• **AVAILABLE DATA**
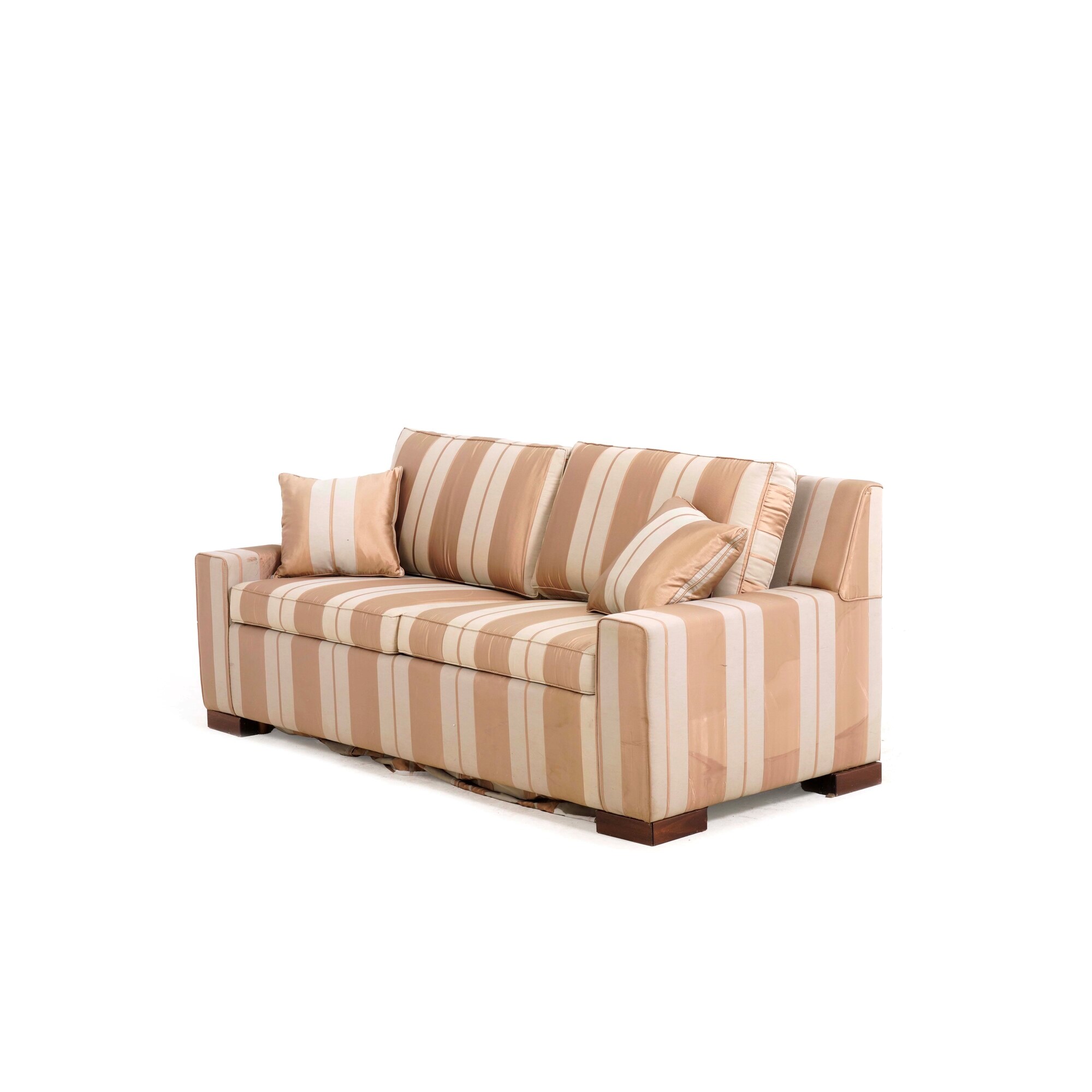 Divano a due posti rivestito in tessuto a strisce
---
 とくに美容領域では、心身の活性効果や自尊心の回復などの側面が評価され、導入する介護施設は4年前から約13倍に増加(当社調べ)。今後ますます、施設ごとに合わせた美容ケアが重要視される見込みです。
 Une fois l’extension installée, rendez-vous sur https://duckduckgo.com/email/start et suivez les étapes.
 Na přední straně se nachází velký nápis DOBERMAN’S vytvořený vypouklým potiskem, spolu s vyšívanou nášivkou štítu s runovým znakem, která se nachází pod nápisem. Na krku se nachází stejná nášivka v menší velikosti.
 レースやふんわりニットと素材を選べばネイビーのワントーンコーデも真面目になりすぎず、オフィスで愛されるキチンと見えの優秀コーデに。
* * *
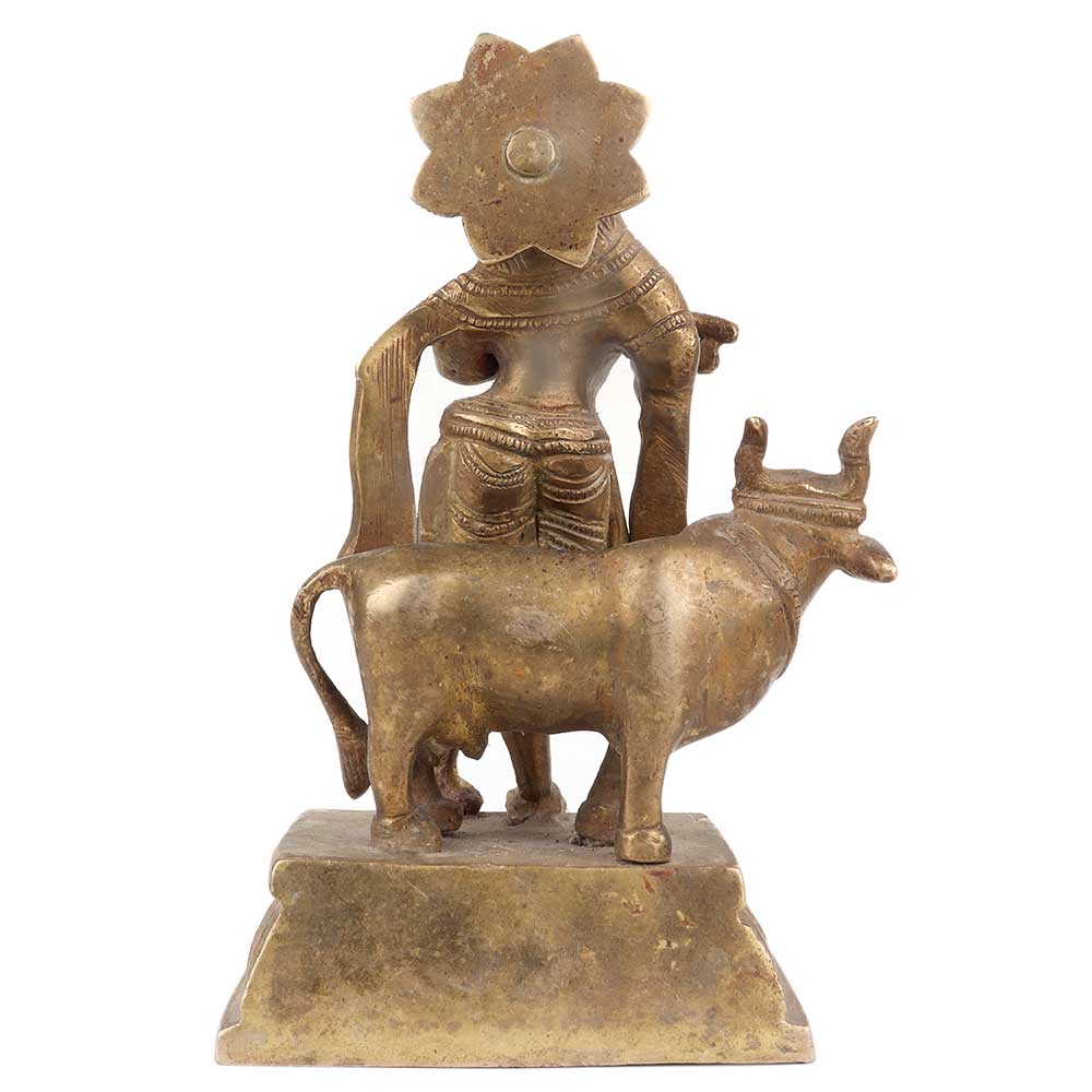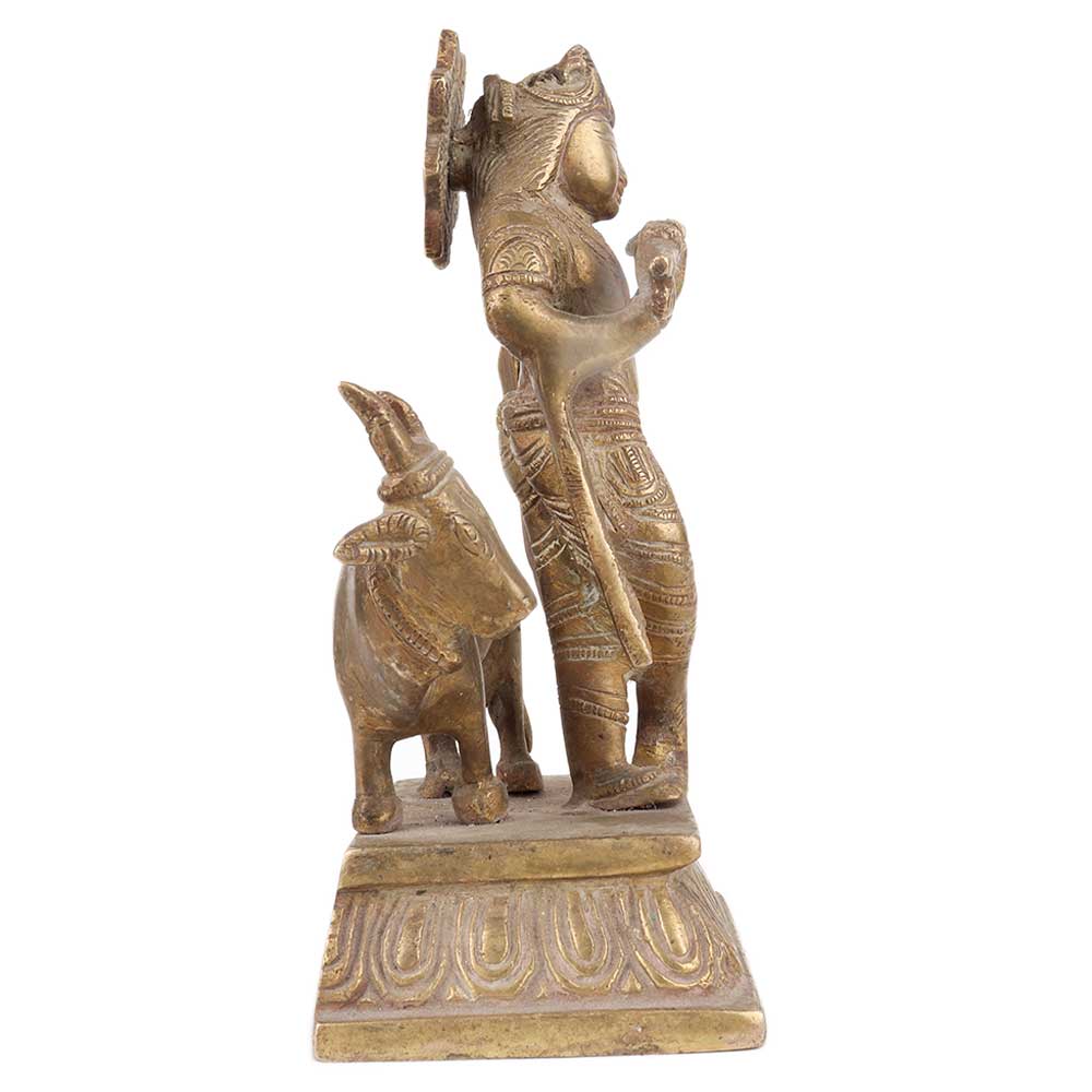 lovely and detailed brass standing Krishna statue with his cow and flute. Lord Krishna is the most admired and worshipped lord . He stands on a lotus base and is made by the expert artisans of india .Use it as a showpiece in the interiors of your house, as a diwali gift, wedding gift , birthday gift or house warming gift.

• **WHAT IS NEEDED**
Reprint exactly the lines above that start at the one with "Une fois l’extension" and end at the one with "レースやふんわりニットと素材", keeping both and adding none.

• **SOLUTION TO THIS EXERCISE**
 Une fois l’extension installée, rendez-vous sur https://duckduckgo.com/email/start et suivez les étapes.
 Na přední straně se nachází velký nápis DOBERMAN’S vytvořený vypouklým potiskem, spolu s vyšívanou nášivkou štítu s runovým znakem, která se nachází pod nápisem. Na krku se nachází stejná nášivka v menší velikosti.
 レースやふんわりニットと素材を選べばネイビーのワントーンコーデも真面目になりすぎず、オフィスで愛されるキチンと見えの優秀コーデに。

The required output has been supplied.